Oleh: Prabowo Subianto [dikutip dari buku “Transformasi Strategis Bangsa: Menuju Indonesia Emas 2045,” hal. 89-90, edisi softcover keempat]
Selain Koefisien Gini, indikator ketimpangan ekonomi di Indonesia adalah distribusi geografis aktivitas ekonomi atau perputaran uang dalam negeri.
Pada tahun 2020, PDB Indonesia mencapai USD 1,058 triliun, setara dengan sekitar IDR 15.300 triliun dengan kurs IDR 14.500 per USD.
Penting untuk dicatat bahwa sekitar 70% dari aktivitas ekonomi ini, atau sekitar IDR 15.300 triliun, terkonsentrasi di Jakarta.
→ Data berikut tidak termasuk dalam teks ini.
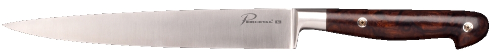 Le couteau à fileter Perceval est un couteau monté en plate-semelle amincie. Sa lame se poursuit pour former le manche. Les deux parties sont solidaires et le couteau ne peut pas se casser en deux. Des plaquettes en loupe de Bois de Fer, fixées de chaque côté de la semelle, complètent esthétiquement ce manche, la semelle restant visible sur les côtés du couteau. La loupe de Bois de Fer est un bois exotique lourd, et dense et très résistant dans le temps.
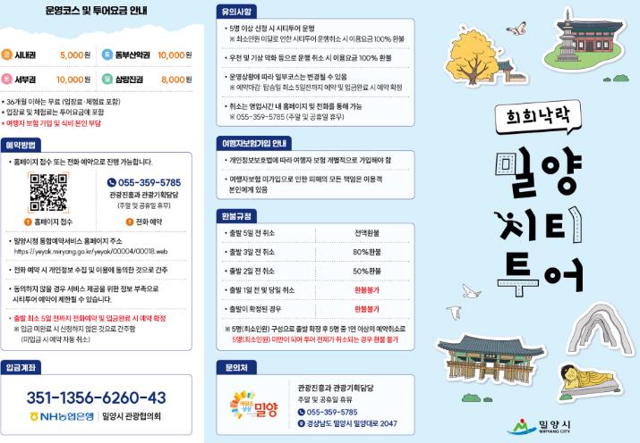 예약 및 문의는 밀양시 문화관광 홈페이지, 통합예약시스템 또는 시청 관광진흥과를 통해 가능하다.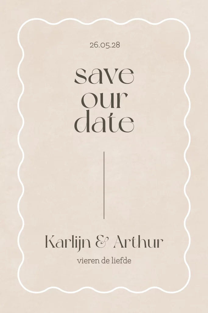Een moderne save the date kaart met grafische outline. Pas het ontwerp aan naar eigen wens. Hulp nodig bij het ontwerpen van je kaart? Stuur een berichtje, we helpen je graag verder!
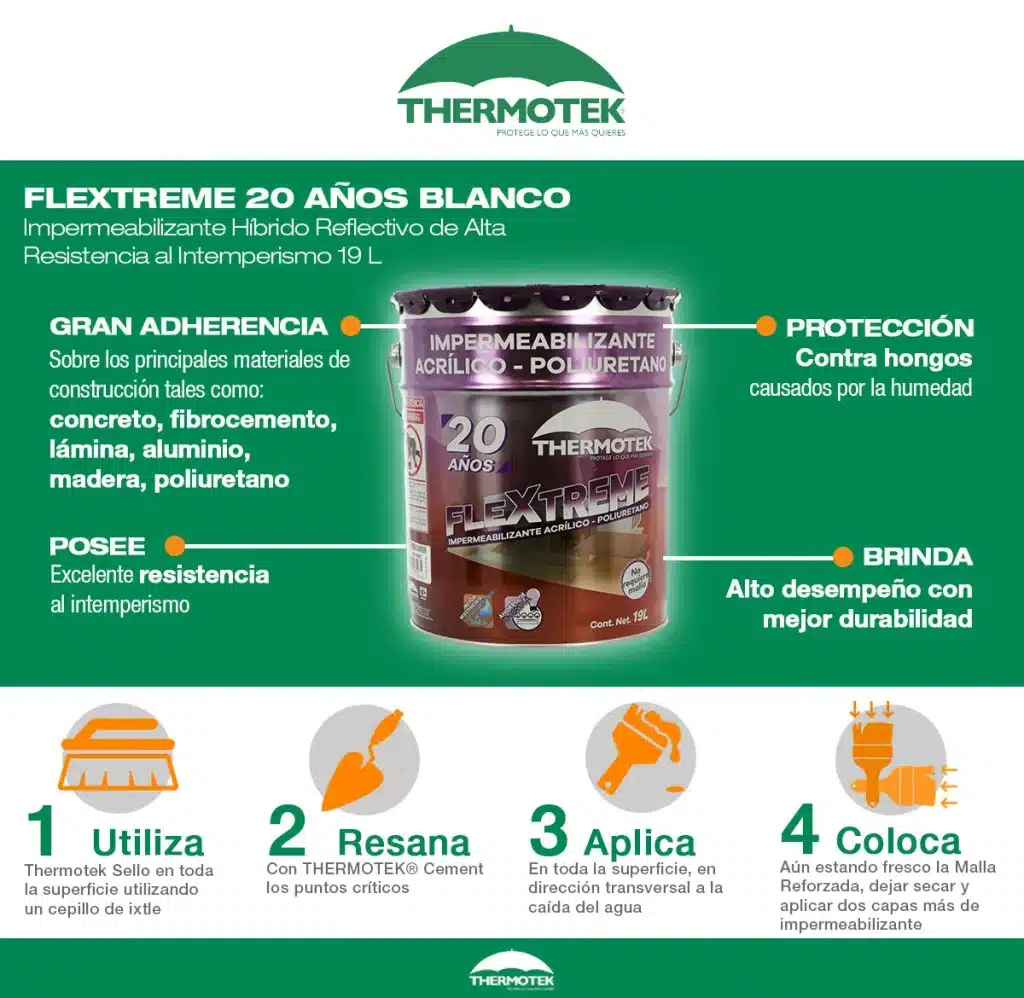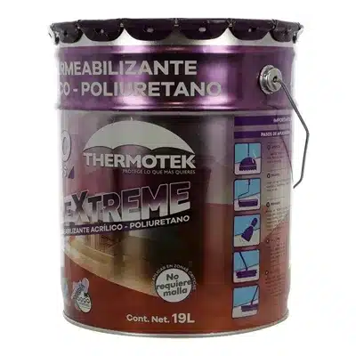 Impermeabilizante Flextreme Thermotek, es un recubrimiento para losas de concreto, lamina metálica o espuma de poliuretano, también sirve para mantener y renovar sistemas impermeables ya existentes. Fabricado con compuestos a base de poliuretano y acrílico que lo vuelven capaz de soportar cambios térmicos estructurales ocasiones por la temperatura. Mejora la resistencia a la degradación provocada por agentes ambientales como polvo, rayos solares o lluvia. La aplicación es directamente en la superficie a 2 manos y necesita 24 horas para el secado final. Su presentación es en cubeta de 19 L.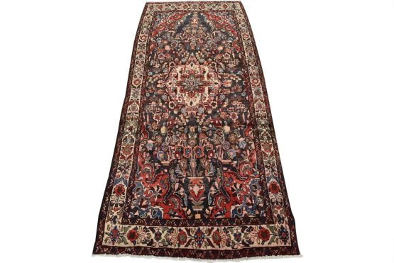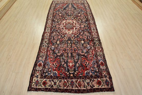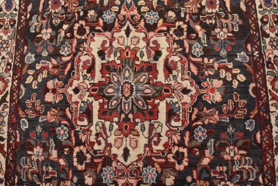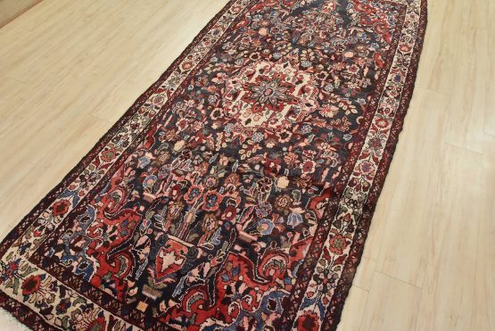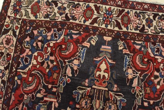 An authentic semi-antique Malayer traditional runner hand-knotted with fine wool and natural dyes. This rug features a central medallion surrounded by floral designs set against a dark blue background. The wool pile shows some minimal wear; please refer to the photos. Otherwise, this rug is in very good condition.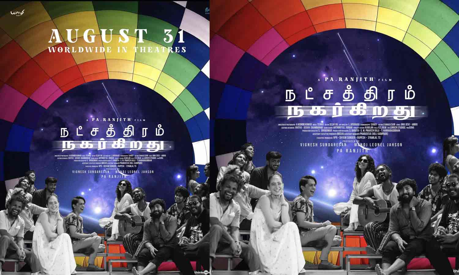 இந்நிலையில், இப்படத்தின் ரிலீஸ்தேதி குறித்த அறிவிப்பு வெளியாகியுள்ளது. அதன்படி, ‘நட்சத்திரம் நகர்கிறது’ திரைப்படம் ஆகஸ்ட் 31-ஆம் தேதி திரையரங்குகளில் வெளியாகும் என இயக்குனர் பா. ரஞ்சித் போஸ்டர் ஒன்றை வெளியிட்டு அறிவித்துள்ளார்.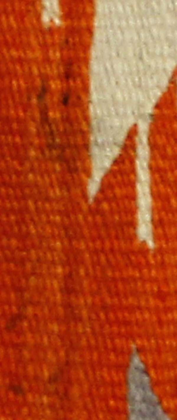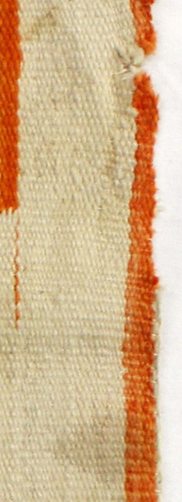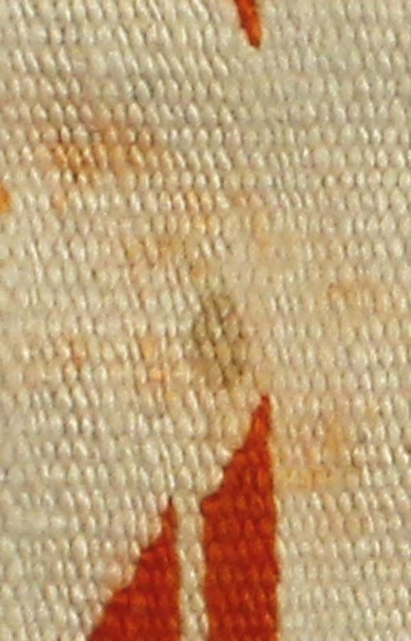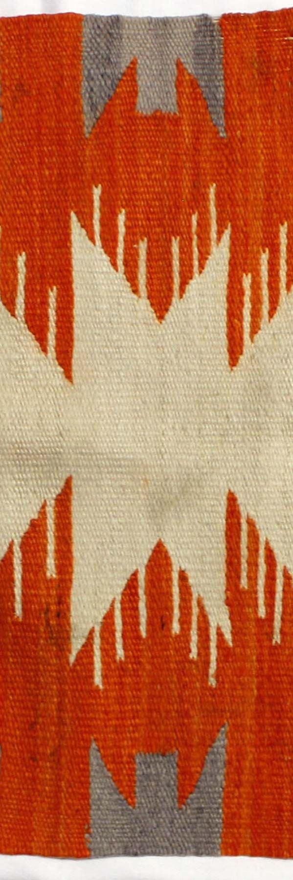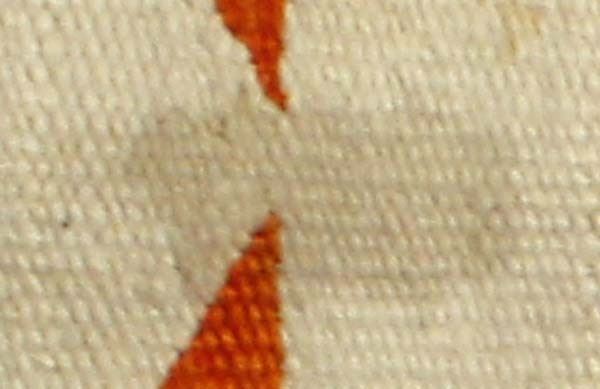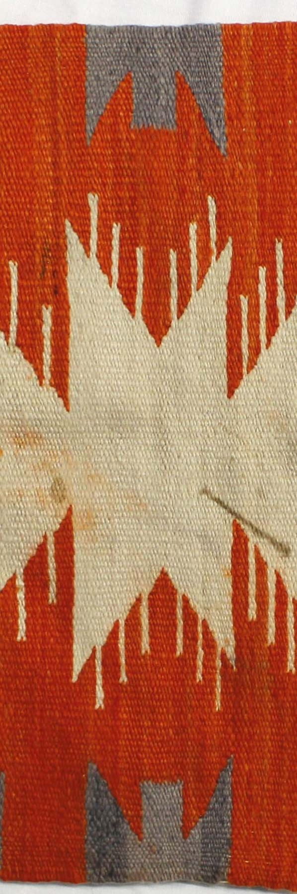 Navajo Germantown Wool Textile Rug, some stains, measures 22'' x 21'', selvage damage on one end, 2 tassels intact on one end, enclosed stitching on the other

Sisanya tersebar di kota-kota besar lainnya seperti Surabaya, Medan, dan Semarang, dengan jumlah yang minim terdapat di desa-desa di seluruh Indonesia, terutama di Pulau Jawa.
Baru-baru ini saya meninjau laporan dari Lembaga Penjamin Simpanan (LPS) mengenai simpanan di bank-bank di seluruh Indonesia. Pada September 2023, total simpanan mencapai IDR 8.205 triliun.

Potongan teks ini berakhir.